The very first cable channel just for kids debuted on April 1st, 1979. After its humble beginnings to showcase an educational TV show called Pinwheel for young children, Nickelodeon became the go-to source of entertainment for a whole generation.
Let’s take a stroll down a bright orange memory lane and look at some of the highs, lows, and surprising behind-the-scenes secrets.
What Was Slime Made From?
Let’s get the big question out of the way first: what was Slime made out of? The answer is… it depends. Different eras of the network made their Slime using varying ingredients. The earliest slime–seen on the Canadian sketch comedy show You Can’t Do That on Television–was a mix of baby shampoo, Cream of Wheat, and food coloring. Other recipes included applesauce or gelatin. Marc Summers claims that the Slime on Double Dare was a mix of applesauce, oatmeal, vanilla pudding, and food coloring.
All the recipes for Slime were technically edible–but would you really want to eat any of them? Tragically, the Slime Geyser at Nickelodeon Studios spewed its last gout of green goo in 2005 when the place closed down.
So Many Channels, So Little Time
Ever eager to expand their brand and drill down to target specific audiences, Nickelodeon’s parent company, Viacom, spun off multiple channels and programming blocks from the original network.
First, there was Nick at Nite, a programming block of vintage sitcoms that began airing “after hours” starting in 1985. The classic TV block aired when kids were supposed to be in bed, recycling programs such as The Donna Reed Show that would have been familiar from their parents’ childhoods at the time.
Not long after that, the network tried out Nick Jr. on weekday mornings to appeal to preschool kids. Noggin was their educational brand, which was eventually rebranded as The N and then spun off with TEENick to be a standalone channel aimed at–you guessed it–teenagers. By segmenting their program blocks, Nick executives were able to deliver the exact demographics that advertisers wanted to reach.
What Is a Nickelodeon?
The name of the network, which was almost always referred to as Nick for short, is kind of a mouthful. The name comes from the very first type of movie theater, which cost a nickel to access back in the early 1900s. The Odeon part of the word comes from the Greek word for a theater. The original nickelodeons showed short silent films–often accompanied by a live piano–to millions of Americans every single week.
The Glory of SNICK
For my generation, there was no greater entertainment than SNICK, Nick’s Saturday night primetime block. It lasted from 1992 to 2005, airing a teen-friendly Saturday Night Live-style variety show called Roundhouse and the near-legendary Are You Afraid of the Dark?

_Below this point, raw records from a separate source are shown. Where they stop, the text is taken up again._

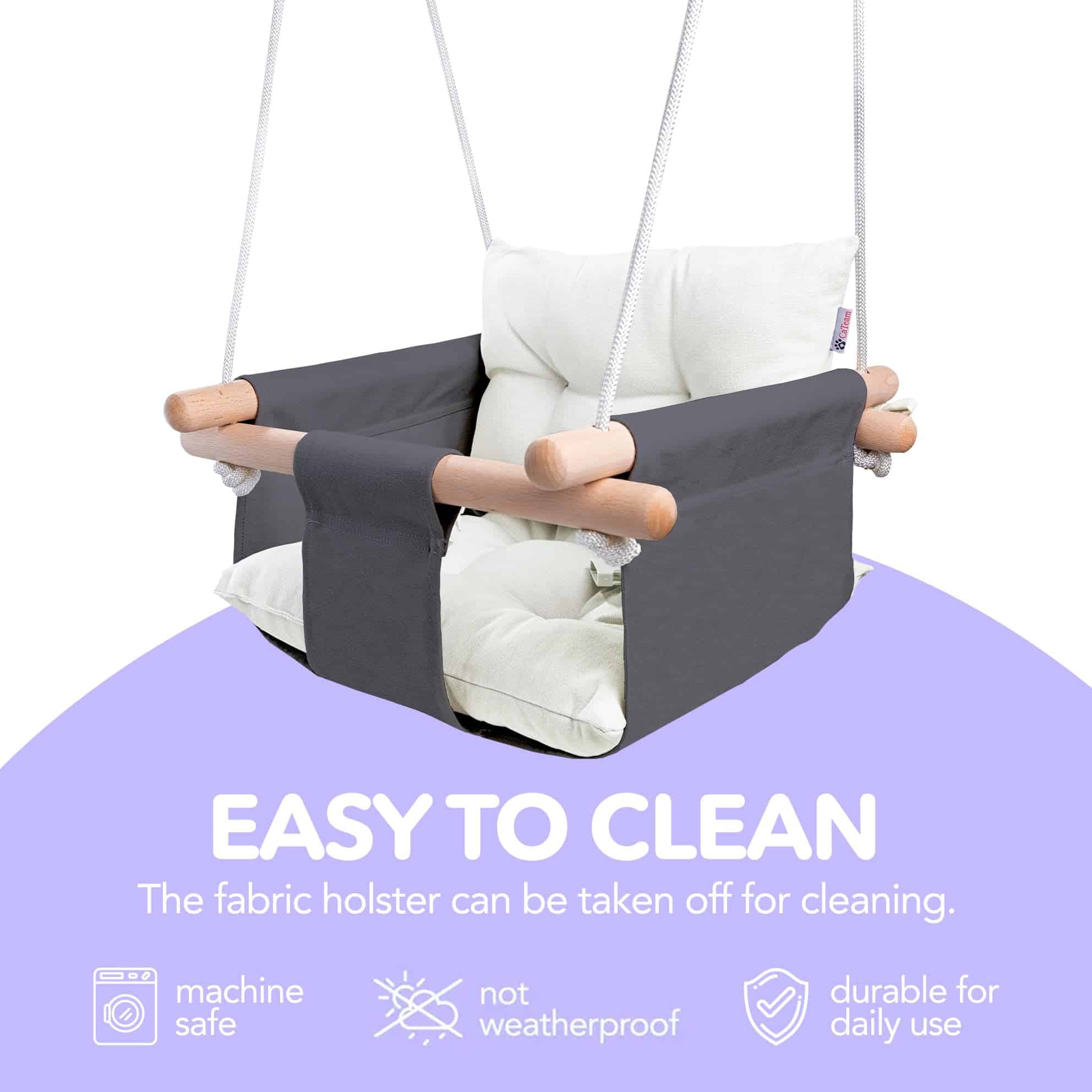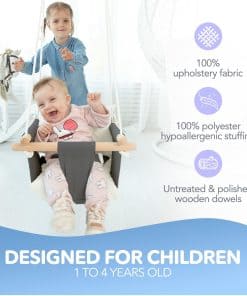 2. Extra Acolchonado – Utilizamos varillas de madera sin tratar y pulidas para nuestros columpios para niños. La silla colgante cuenta con tela de tapicería suave y 2 almohadas con relleno de poliéster apto para la piel, que puedes colocar juntas para mayor comodidad.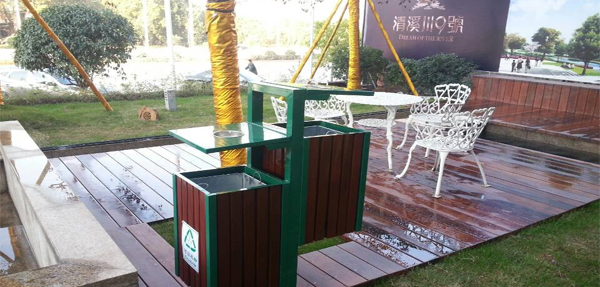 如此高標(biāo)準(zhǔn)的建筑群里,你們可以看到美天環(huán)保MT-013鋼木垃圾桶,本款垃圾桶經(jīng)過該方領(lǐng)導(dǎo)的多方考慮和比對(duì),決定為了與建筑群和環(huán)境更加融合,防腐木的顏色也特別精心調(diào)制,使用了瑪瑙紅,更加彰顯了該樓盤的高端與大氣。美天環(huán)保也深深的為樓盤領(lǐng)導(dǎo)細(xì)心周到的工作態(tài)度所感動(dòng)。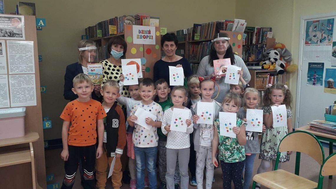 15 WRZEŚNIA OBCHODZILIŚMY W NASZEJ GRUPIE DZIEŃ KROPKI. BO BIBLIOTEKI NA CIEKAWE ZAJĘCIA CZYTELNICZE I PLASTYCZNE ZAPROSIŁY NAS PANIE B. KONDRATKO, A. LASKOWSKA I A. DAMASZKE. DZIECI MIAŁY OKAZJĘ POZNAĆ ZWIERZĘTA W KROPKI ORAZ POSŁUCHAĆ OPOWIADANIA O SYMPATYCZNEJ BIEDRONCE. PODCZAS ZAJĘĆ CZYTALIŚMY HISTORIĘ DZIEWCZYNKI ...BOHATERKI KSIĄŻKI PT. " KROPKA" , WYKONYWALIŚMY W ZESPOŁACH PRACE PLASTYCZNE Z RÓŻNOKOLOROWYCH KROPEK ORAZ ZAJĘLIŚMY SIĘ KROPKOWĄ GIMNASTYKĄ . DZIEŃ BYŁ PEŁEN NIESPODZIANEK I WSPANIAŁEJ ZABAWY. ALE NAJWAŻNIEJSZE BYŁO TO, ŻE DZIECI NAUCZYŁY SIĘ , IŻ ZAWSZE NALEŻY WIERZYĆ WE WŁASNE SIŁY I NIGDY NIE REZYGNOWAĆ ...NAWET GDY NA POCZĄTKU ZADANIE WYDAJE SIĘ NIEMOŻLIWE DO REALIZACJI.

The programming block also aired reruns of Clarissa Explains It All and The Ren & Stimpy Show during the early years, eventually swapping out The Adventures of Pete & Pete, Kenan and Kel, and The Secret World of Alex Mack, among other classics of 90s TV.
Fun fact: I went to college with Larisa Oleynik (Alex Mack), and she was lovely!
Whatever Happened to Marc Summers?
Nickelodeon created some of the greatest game shows of all time: Double Dare, Legends of the Hidden Temple, and GUTS. At its height of popularity, Double Dare was the most-watched daily show on cable TV. Who among us didn’t imagine competing in the cheesy, bizarre challenges alongside our families?
Marc Summers, the charismatic host of Double Dare and later What Would You Do?, publicly announced that he has obsessive-compulsive disorder. He managed the mental health condition–which is still poorly understood by the public at large–but ended up losing his hosting gig on Hollywood Squares after he went public.
Summers later survived leukemia–including a misdiagnosis that he had just six months to live–and a devastating taxi accident that damaged his vision in one eye. Despite these challenges, Summers went on to host over 300 episodes of Unwrapped for the Food Network.
Can Nickelodeon Make a Comeback?
It’s no secret that Nickelodeon has fallen a long way from its glory days. While I remember Salute Your Shorts, Hey Dude, and Doug fondly, I aged out of Nickelodeon’s target demographic a couple of decades ago. I missed out on later shows like VicTORIous, Avatar, or SpongeBob SquarePants. Since then, Nick has taken fewer risks–including turning down a pitch for Adventure Time as being “too weird.”
Cartoon Network became the go-to channel for oddball animation, while Disney continues to dominate live-action programming for kids and tweens. Can Nick regain their dominance of that market? Honestly, I’m not so sure. Kids are making their own micro-TV shows on TikTok or watching creator-produced content on YouTube.
But if Nickelodeon ran non-stop reruns of their 80s and 90s shows–a Nick at Nite for the generation that grew up with the original slate of programming–it might just pull me back in. Luckily, you can get something pretty darn close to that experience on the NickRewind YouTube channel! If you’d rather binge-watch your favorites, Paramount+ announced that they have the streaming rights to a ton of classic 90s content from Nickelodeon.